DATASET CONTENT:
*** Block opens ***
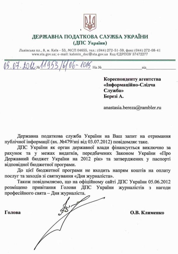 Отримана відповідь дещо спантеличила, оскільки податкова взагалі заперечила будь-яке офіційне проведення свята: "ДПС України фінансується виключно за рахунок та в межах видатків передбачених законом "Про держбюджет на 2012-й рік" та затверджених у паспорті бюджетної програми. До цієї бюджетної програми не входить напрям коштів на оплату послуг та заходів зі святкування "Дня журналіста".
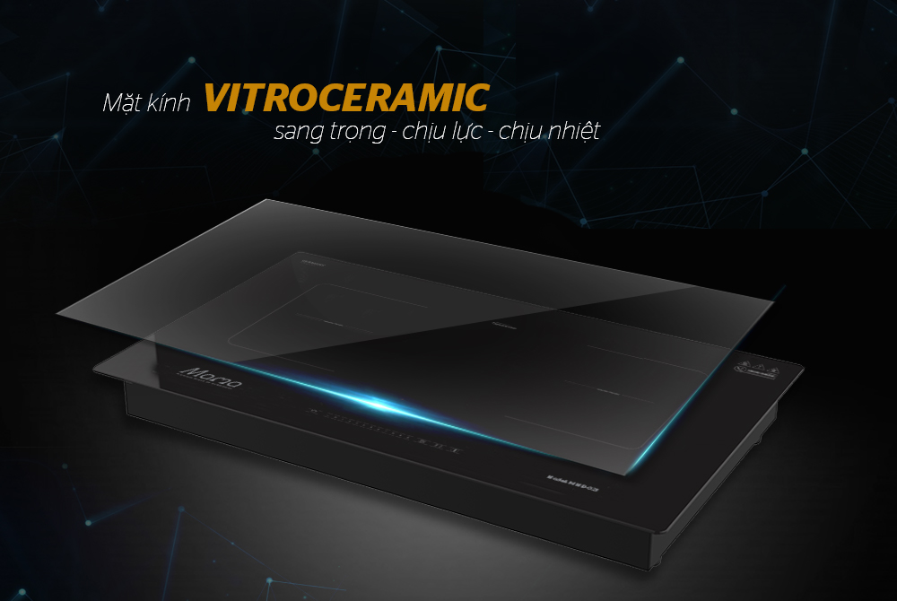MMB-02I sử dụng mặt kính Vitroceramic nguyên khối, tạo cảm giác bền bỉ, chắc chắn. Loại kính này có khả năng chống sốc nhiệt tốt, chịu nhiệt lên đến 600 độ C, khó bị nứt vỡ, trầy xước ở điều kiện nhiệt độ thường. Một ưu điểm nữa của kính Vitroceramic là mặt kính nhẵn, phẳng, dễ dàng vệ sinh lau chùi. Đặc biệt, hệ số dẫn điện của kính Vitroceramic rất thấp nên vùng lân cận của khu vực nấu ăn không bị nóng trong quá trình nấu, bạn hoàn toàn có thể thao tác xung quanh vùng nấu một cách an toàn.
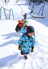 先生の後ろを付いてくるので大きな足跡に足が取られないように慎重に歩く子ども達( *´艸`)大きな足でごめんね💦
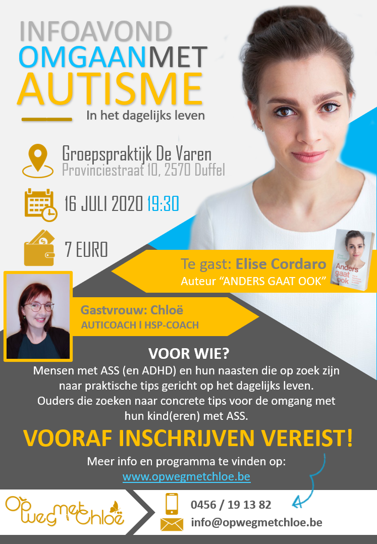 Op 16 juli 2020 organiseer ik een avond waarop jullie kennis met me kunnen maken en ik samen met mijn vriendin Elise Cordaro (bekend van haar boek "Anders Gaat Ook - Hoe ik functioneer met Autisme en ADHD") praktische tips met jullie wil delen ivm Omgaan met Autisme in het dagelijks leven.
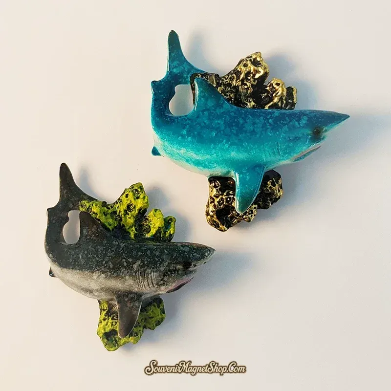 Each magnet is meticulously hand-painted, featuring a distinct shark design – one in a striking blue, evoking the ocean’s depth, and the other in a natural dark hue, both intricately detailed and set against textured, vibrant coral formations.
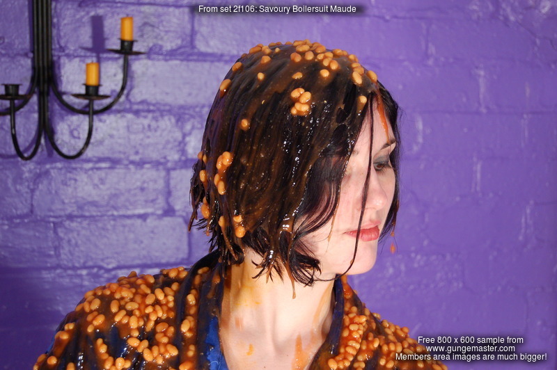 She starts with soup poured into the front of her suit, quickly followed by more down the back - watch her wiggle as it drenches her bottom! Mour soup and then beans are added, and eventually tomato juice too, until her outfit and hair have been reduced to a savoury-drenched mess. In which she plays, rolling on the floor, draggiung her already messy hair through the pool of beans and soup, and scooping up great handfulls of mess to pour over her already-soaked outfit.
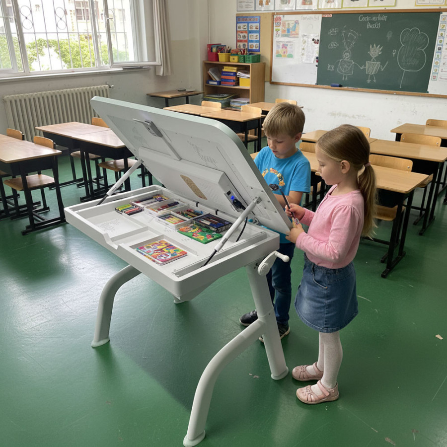 Tavolo interattivo inclinabile touch screen con vano portaoggetti realizzato con base completamente arrotondata e priva di spigoli.
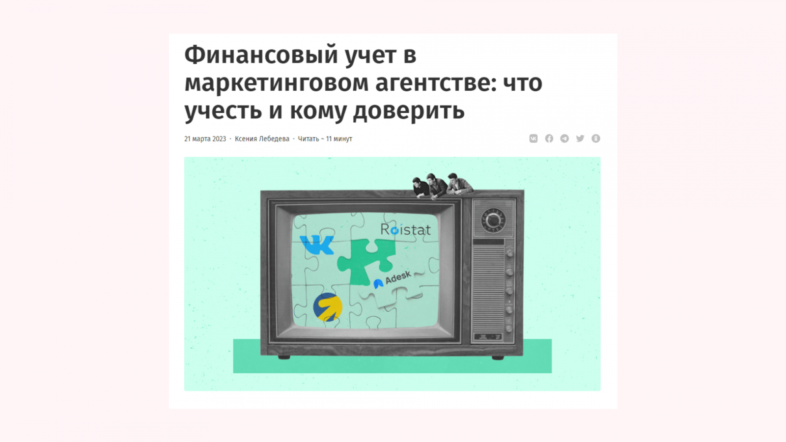 «Адеск», сервис финучета. Руководитель маркетингового агентства понимает, что ему в бизнесе нужен нормальный учет финансов. Но пока он не решил, как именно будет его внедрять. И тут ему попадается статья «Финансовый учет в маркетинговом агентстве: что учесть и кому доверить».
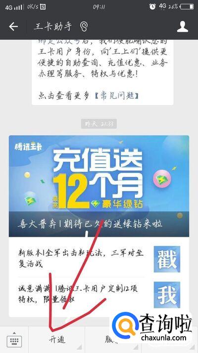 进入公众号后,会出现一个新的界面,如图1所示。在点击下方从左往右数第一个开通按钮,如图2箭头所示。会出现一个新的界面,如图3所示
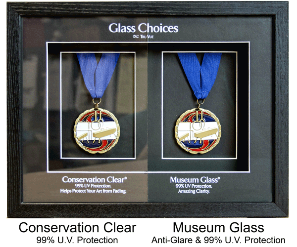 We offer a variety of options to protect your artwork from fading and deterioration, including U.V. filtering, shatter-resistant acrylic, and regular glass with U.V. protection. For the ultimate in anti-reflective coatings, we provide Tru Vue Museum Glass and Optium acrylic glazing.
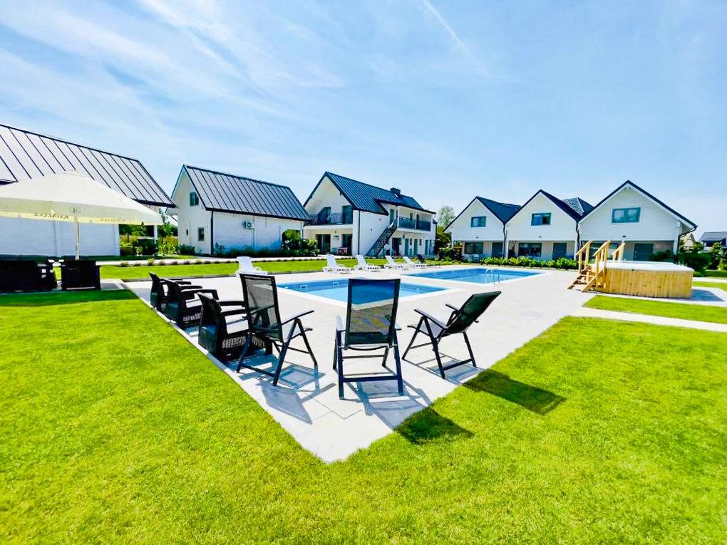 Haus: Großzügige Ferienhäuser (70 qm) mit Sauna und Pool in einer schönen Ferienhausanlage, 2024 neu erbaut. Gemütliche, geschmackvolle Einrichtung. Alle Häuser mit Klimaanlage (Kühl- und Heizfunktion), teils Fußbodenheizung (Parterre). Kostenloses Internet über W-Lan. Große Terrasse mit Sitzmöbeln. 1 Pkw-Stellplatz/Haus vor dem Grundstück.
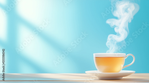 A cup of hot tea sits on a saucer atop a wooden table. Steam rises from the aromatic beverage, contrasting against a soft blue backdrop, creating a tranquil atmosphere perfect for relaxation
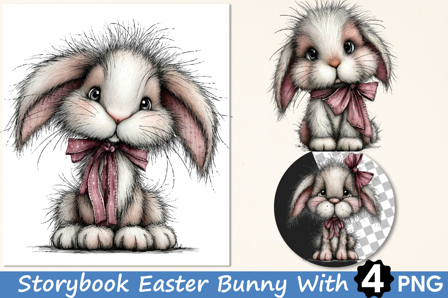 Sticker Digital Download T-shirt Design Bunny Sublimation Whimsical Easter Easter Sublimation Clipart Whimsical Spring Clipart Whimsical Easter Png Whimsical Spring Sublimation Storybook Easter Bunny With Bow Clipart
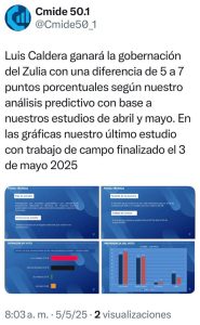 Con más de 4 puntos de diferencia por encima del candidato de la oposición Manuel Rosales, el Centro de Medición e Interpretación de Datos Estadísticos (Cemide 5.0), a 20 días de las elecciones, da como ganador a Luis Caldera a la Gobernación del estado Zulia.
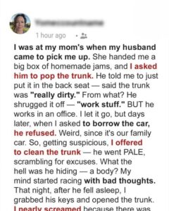 Celia never imagined she’d feel uneasy in her own marriage, but when her husband Adam stopped her from opening the car trunk, something felt off. His excuses didn’t fully add up, and a tiny doubt settled in her mind. Busy days blurred by with kids, errands, and work, yet the thought lingered. Why the secrecy over something so simple? When Saturday rolled around and the car was still off-limits, curiosity turned into quiet worry.
*** Block closes ***
WORK TASK: An exact copy of the lines above, from the first through the line that holds "Each magnet is", is what is needed; leave the pictures out.

ANSWER BOX:
 Отримана відповідь дещо спантеличила, оскільки податкова взагалі заперечила будь-яке офіційне проведення свята: "ДПС України фінансується виключно за рахунок та в межах видатків передбачених законом "Про держбюджет на 2012-й рік" та затверджених у паспорті бюджетної програми. До цієї бюджетної програми не входить напрям коштів на оплату послуг та заходів зі святкування "Дня журналіста".
MMB-02I sử dụng mặt kính Vitroceramic nguyên khối, tạo cảm giác bền bỉ, chắc chắn. Loại kính này có khả năng chống sốc nhiệt tốt, chịu nhiệt lên đến 600 độ C, khó bị nứt vỡ, trầy xước ở điều kiện nhiệt độ thường. Một ưu điểm nữa của kính Vitroceramic là mặt kính nhẵn, phẳng, dễ dàng vệ sinh lau chùi. Đặc biệt, hệ số dẫn điện của kính Vitroceramic rất thấp nên vùng lân cận của khu vực nấu ăn không bị nóng trong quá trình nấu, bạn hoàn toàn có thể thao tác xung quanh vùng nấu một cách an toàn.
 先生の後ろを付いてくるので大きな足跡に足が取られないように慎重に歩く子ども達( *´艸`)大きな足でごめんね💦
 Op 16 juli 2020 organiseer ik een avond waarop jullie kennis met me kunnen maken en ik samen met mijn vriendin Elise Cordaro (bekend van haar boek "Anders Gaat Ook - Hoe ik functioneer met Autisme en ADHD") praktische tips met jullie wil delen ivm Omgaan met Autisme in het dagelijks leven.
 Each magnet is meticulously hand-painted, featuring a distinct shark design – one in a striking blue, evoking the ocean’s depth, and the other in a natural dark hue, both intricately detailed and set against textured, vibrant coral formations.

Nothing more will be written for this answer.